Вернулись мы через день под вечер.
Шум двигателя ракеты не встревожил моих соратников - Скалу и Червя
Нгу, они спали вповалку на берегу, неподалеку от них таял костер, дым от
него винтился туго и уходил в нору. - Толстяк сидел, скрестив ноги, и
подкидывал в костер траву пучками. Трава, видимо, давала запах, способный
выгнать из норы страшного киня. Я уже начал подумывать о том, что силач
попросту водит нас за нос, что никакого зверя под землей не было и нет и
славные мои соратники, вовлеченные в интригу, терпят неудобства и унижения
напрасно.
- Эй, Первый, долго ли еще нам сидеть здесь?
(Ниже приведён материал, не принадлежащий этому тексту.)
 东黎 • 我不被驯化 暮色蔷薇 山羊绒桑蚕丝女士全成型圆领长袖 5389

Силач, наморщив лоб, посмотрел на меня снизу вверх с неудовольствием
и приложил палец к губам; шибко громко говоришь, Пришелец! На мой вопрос он
не ответил, поднялся о натугой, будто старик, поплелся, подгибая колени,
похожий на медведя, в ту сторону, где спали влежку воины, с маху пятерней
ударил Скалу по заду: пора вставать, недотепа! Брат мой вскочил с
прыткостью необыкновенной, изогнулся, ухватившись за ушибленное место, и
тут же ткнул силача локтем по скуле. Тот даже не заметил удара, показал
знаком; прежде чем идти к костру, следует опять помазаться глиной. Скала
тоже знаками дал понять, что эта процедура ему не по душе, но силач
засопел, и мой лукавый оруженосец потрусил к берегу. Толстяк же упал рядом
с Червем Нгу и захрапел, мерно вздымая одрябший живот.
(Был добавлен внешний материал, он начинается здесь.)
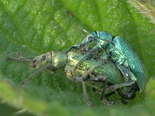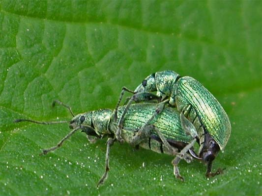 Käferhochzeit Grünrüssler (phyllobius sp.) siehe auch Käfer-im-Glemstal |
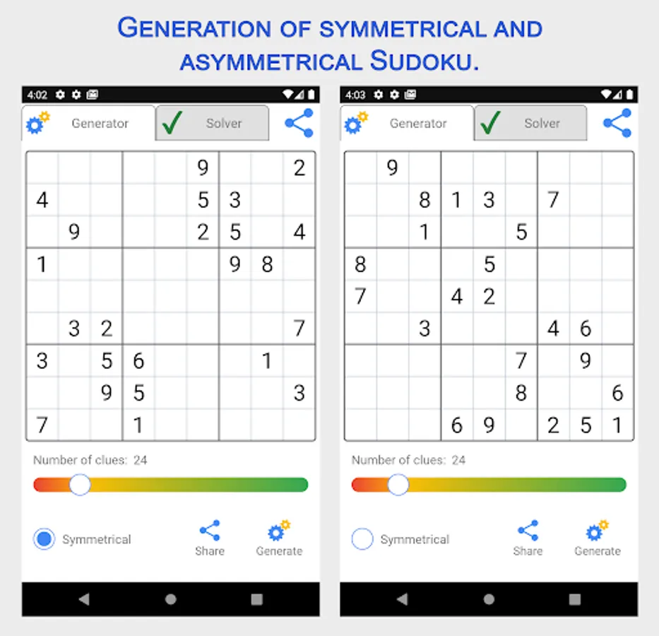 ✓ Generation of symmetrical and asymmetrical Sudoku.
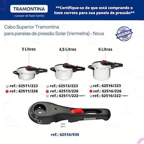 Nosso empenho é procurar o que há de mais atual e funcional no mundo culinário e para organização da sua casa, priorizando sempre a qualidade e a versatilidade dos produtos. Cabo superior para panela tramontina solar nova 3l / 4,5l / 6l Cabo superior da panela tramontina solar nova 3 /4,5/ 6 litros. O cabo é antitérmico que garante ainda mais segurança durante o uso, pois reduzem a propagação do calor. Acompanham os dois parafusos para fixar na panela. Atenção: não acompanha cabo inferior, alças, válvula de segurança e pino. Somente o cabo superior. Serve nos modelos: 3 litros: 62511/223 62511/226 4,5 litros 62513/223 62513/226 62511/222 vapor 6 litros 62516/223 62516/226 62516/222 vapor Referencia: 62516/930 Serve somente no modelo novo - detalhe vermelho Conteúdo da embalagem: 1 cabo superior panela tramontina solar nova 2 parafusos Gostou Esse produto pode ser seu aguardamos sua compra Marca: Não Informado
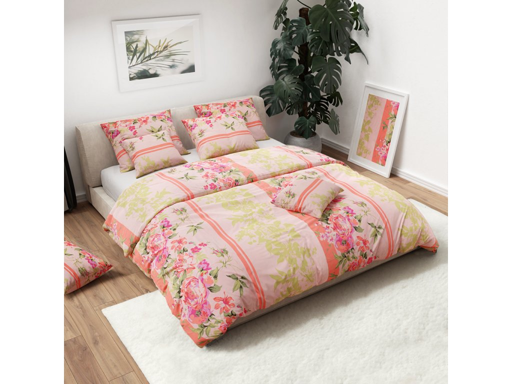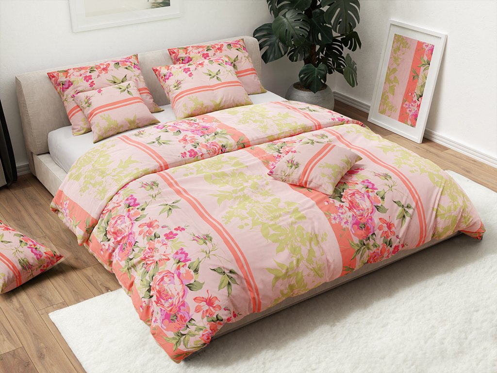Bavlnené obliečky KVETY S LISTAMI ružové
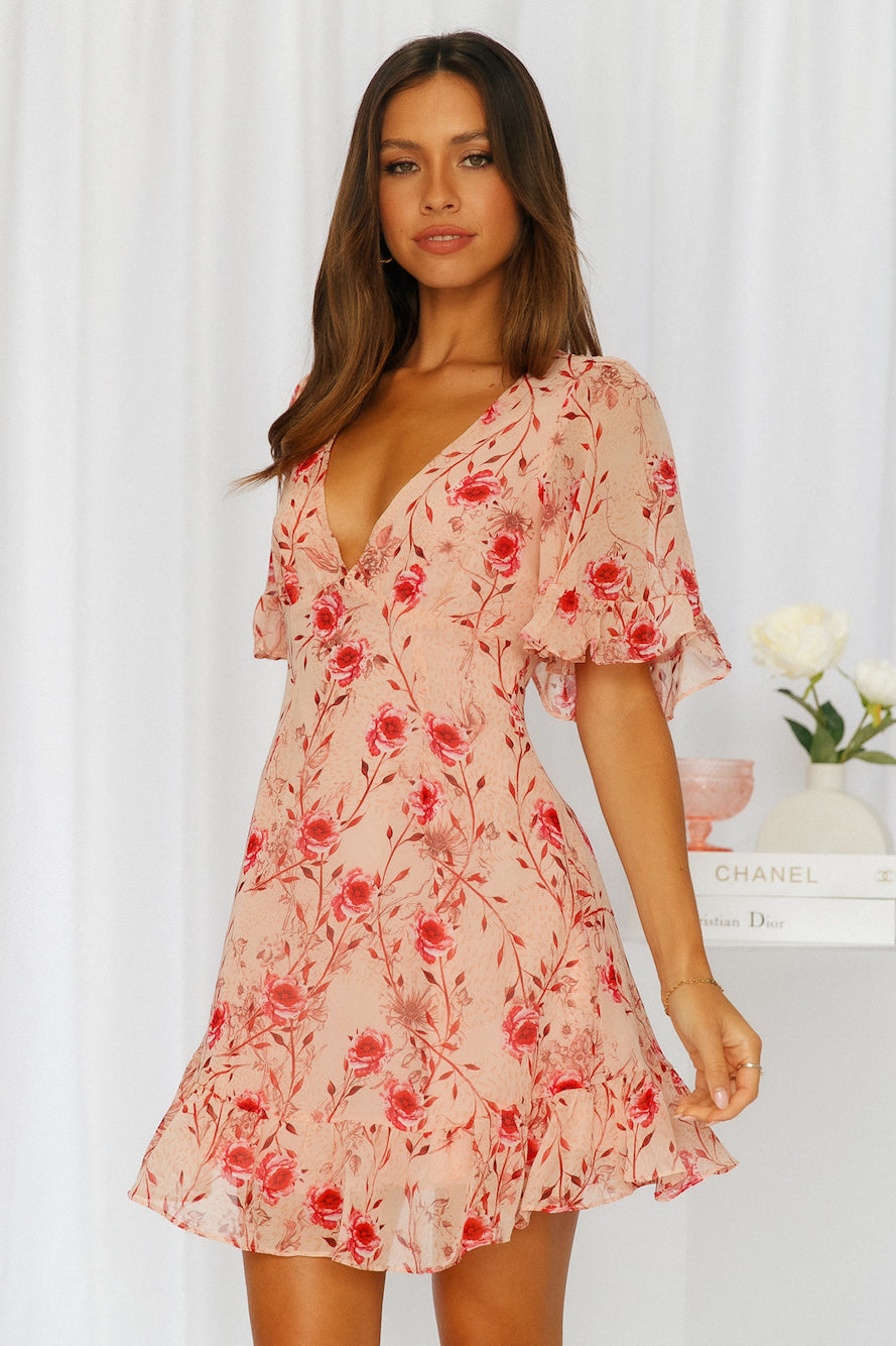 Be the cutest at brunch with the Sweetest Tea Dress. This adorable mini dress has drapey cap sleeves. a low neckline with an open back. and a flared-out bottom. Style yours with a cute high bun and sandals.

Скала подсушился возле огня, сел в лунку, продавленную давеча
толстяком, кинул в костер прядку травы. Дым загустел и побежал,
вытягиваясь, в смутное зево пещеры.
Я потоптался на краю обрыва с надеждой, что Скала соизволит обратить
на меня -внимание, но друг мой был полон суровой деловитости и не
оборачивался в мою сторону - сердился.
- Эй, соизволь подойти ближе! Хочешь, я скажу силачу так: Скала
боится киня и не будет мазаться грязью- ведь его кожа нежна, он каждый день
моется с мылом. Хочешь, скажу так?
- Ты дурак, Хозяин! - шепнул Скала, вытягивая шею. Он постоял с
минуту, дожидаясь чего-то, и, заплетаясь ногами, отпятился к костру
исполнять свой священный долг-
Я налег на берег грудью, свесил голову и сказал негромко:
- В гондоле была еще одна банка варенья. Могу отдать тебе ее.
Брат долго молчал, потом указал пальцем на спящего" толстяка, на
пещеру и вздохнул: нельзя, Хозяин, покидать пост!
Нельзя так нельзя.
-Ты не съешь варенье, Хозяин?
- Я его не люблю.
- А она? - Скала кивнул туда, где на коврике лежала Го.
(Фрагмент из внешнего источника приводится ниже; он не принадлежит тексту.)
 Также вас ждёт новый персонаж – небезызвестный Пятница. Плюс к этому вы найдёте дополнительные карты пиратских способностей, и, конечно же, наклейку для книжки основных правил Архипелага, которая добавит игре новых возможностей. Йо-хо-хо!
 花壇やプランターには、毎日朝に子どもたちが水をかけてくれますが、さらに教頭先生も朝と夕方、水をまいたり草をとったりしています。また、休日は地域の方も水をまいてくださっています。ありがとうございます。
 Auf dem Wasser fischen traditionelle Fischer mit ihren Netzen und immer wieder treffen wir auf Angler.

- Она тоже не любит варенье.
- Ягоды не испортятся?
- Не должны.
- Ты про то варенье Нгу не говори!
Этого я не обещал ему, махнул рукой, прощаясь, и сел рядом с Го на
коврик. Девушка дышала ровно, тихо, и на ее недвижном лице вздрагивали
ресницы. Она думала. И скоро, я был в том уверен, начнет спрашивать. И не
на все ее вопросы я смогу ответить.
Смеркалось.
Над холмами зажглась и погасла колючая звездочка, пригибая траву,
задул теплый ветерок. Наверно, этот ветер прибежал от самого синего моря.
Там, где зажглась и погасла звездочка, высветилась полоска заката,
напоминающая цветом раскаленный металл. Закат горел сперва на чистом небе,
потом, уже неярко, сквозь тучи, следом осталось лишь алое пятнышко, наконец
истаяло и оно. Упала тьма. Прыгающий огонек костра напоминал о том, что я
не один среди нескончаемой этой черноты. Недалеко повизгивал какой-то
зверь, некрупный хищник, занятый ночной охотой.
- Логвин! - позвала Го.
- Да.
- Почему ты не спишь?
- А ты?
- Мы почти не спим, я могу совсем не спать.
- Я тоже могу совсем не спать.
- Логвин.
- Да?
- Я слышала много звуков, когда ты показывал мне свою Землю... Это
что?
- Это - музыка.
- Зачем она?
- Тебя музыка не раздражала?
- Нет. Я не знаю, как назвать это чувство... Она меня не раздражала.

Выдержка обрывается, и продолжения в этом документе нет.